KGEx: Explaining Knowledge Graph Embeddings via Subgraph Sampling and Knowledge Distillation

Vasileios Baltatzis,Luca Costabello
2023-10-02
Abstract:Despite being the go-to choice for link prediction on knowledge graphs, research on interpretability of knowledge graph embeddings (KGE) has been relatively unexplored. We present KGEx, a novel post-hoc method that explains individual link predictions by drawing inspiration from surrogate models research. Given a target triple to predict, KGEx trains surrogate KGE models that we use to identify important training triples. To gauge the impact of a training triple, we sample random portions of the target triple neighborhood and we train multiple surrogate KGE models on each of them.
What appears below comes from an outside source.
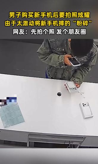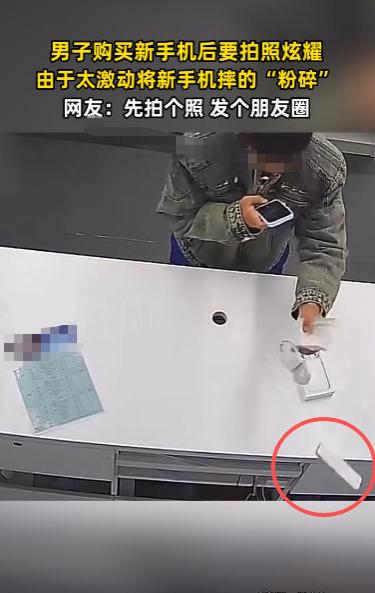“这下后悔了吧!”10月12日,辽宁,一男子购买新手机后想要拍照炫耀,谁知,因为太激动一时没拿稳,竟然将新手机摔得“粉碎”!网友:别着急捡,先拍个摔手机的照片发朋友圈! 现在不少年轻人在购买昂贵物品后,喜欢先拍照发朋友圈炫耀一下,不过拍照时手可得拿稳了,别一不小心乐极生悲! 一男子到专卖店买了一部昂贵的新款手机,心情十分激动,将手机的包装盒打开后,他第一时间想拍照跟朋友们炫耀一下。 男子拿着新手机,在柜台边精心找好角度拍了一张照片,显然他对这张照片的光影不太满意,觉得没能凸显出新手机的“美”,于是准备调整一下角度再拍一张。 不知道是不是因为心情太激动,男子甩了一下袖子,没想到他这一甩,手里的新手机一时没拿稳,直接从盒子中飞了出去,随后狠狠摔到了地上,发出清脆的响声。 这可把男子急坏了,由于手机摔到了柜台里面,他没办法自己捡,急忙回头寻求手机店店员的帮助,店员帮男子捡了出来。 不少网友调侃让男子别着急捡,先拍个新手机摔在地上的照片发朋友圈,炫耀自己“有钱任性”,不管怎么说,男子这下应该后悔了,新手机没有贴膜也没套保护壳,摔这一下谁不心疼! 信息来源:《男子购买新手机后拍照炫耀,由于太激动,将新手机摔的“粉碎”》观象视频

To ensure faithfulness, each surrogate is trained by distilling knowledge from the original KGE model. We then assess how well surrogates predict the target triple being explained, the intuition being that those leading to faithful predictions have been trained on impactful neighborhood samples. Under this assumption, we then harvest triples that appear frequently across impactful neighborhoods. We conduct extensive experiments on two publicly available datasets, to demonstrate that KGEx is capable of providing explanations faithful to the black-box model.
Artificial Intelligence
What problem does this paper attempt to address?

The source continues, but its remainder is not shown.